O dólar pode persistir no limiar crítico da confiança, mas também se enfraquecer gradualmente até ser substituído por um regime monetário multipolar, formado por diversas moedas seguras, inclusive alternativas digitais, funcionando como refúgio durante crises. Será um processo lento, mas sustentável.
O que isso significa para o Brasil e o Sul Global?
A dependência exclusiva do dólar expõe países como o Brasil a vulnerabilidades: sanções indiretas, tarifaços diretos, flutuações cambiais e inflação importada.
A diversificação de reservas (como aponta o FMI) já está em curso: entre 1999 e 2021, a participação do dólar caiu de ~71% para 59%, e parte migrou para o renminbi e outras moedas menores.
Em resposta às sanções e tarifas coercitivas, países do BRICS vêm articulando alternativas como pagamentos bilaterais em moedas locais, redes paralelas (CIPS, SPFS) e até CBDCs.

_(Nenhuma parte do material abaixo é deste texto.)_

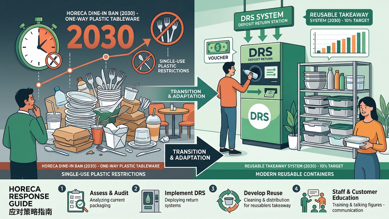HORECA 堂食禁止一次性塑料餐具和盘子,必须用可重复使用的。外卖 10% 产品需使用可重复使用包装。单份小包装(咖啡奶精、糖、酱料)逐步收紧,改用大包装自助或可重复使用容器。
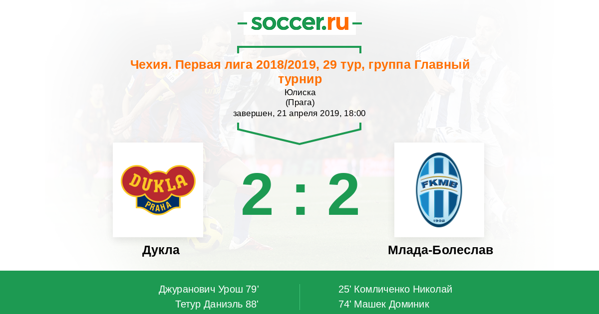 Протокол матча Дукла против Млада-Болеслав
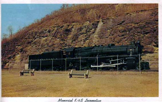 "This is the K-4 at Horseshoe Curve circa 1977 (estimated) when the Horseshoe Curve Chapter was assisting the City of Altoona in maintaining [cosmetically], the K-4. In those days, as a public service to the city, the Chapter furnished manpower and the city furnished paint. We chipped, wire-brushed and painted the locomotive, and maintained the spotlights around the locomotive. Many a Saturday night we were up there late and this is one of those occasions." David Seidel Photograph |
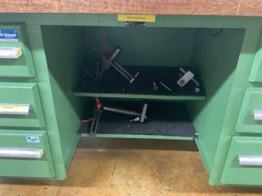 Object: Industrial workbench with tool wall
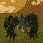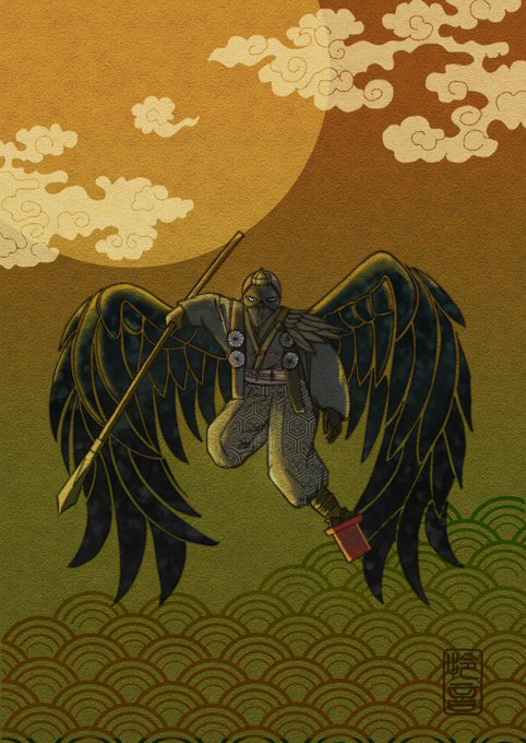 今日のお絵描き 鴉天狗 雑なアナログ下書きを修正しつつ チマチマ描いた伝統文様は 袴の柄に活用しましたー🖋 #イラスト #イラスト好きと繋がりたい #お絵描き #お絵描きさんと繋がりたい #和柄 #鴉天狗 #アトリエの系譜

Embora estabilização digital (tokenized deposits) seja uma via de fortalecimento do dollar-system, o abuso contínuo do poder monetário acelerará a busca por modelos alternativos, inevitáveis em médio prazo.
Blustein, portanto, alerta quanto ao “reino do dólar” não ser eterno se seus fundamentos forem deteriorados por dentro. A combinação de déficit fiscal elevado, perda da independência institucional e uso arbitrário das sanções pode abalar a confiança global mesmo antes de surgir um rival monetário coeso.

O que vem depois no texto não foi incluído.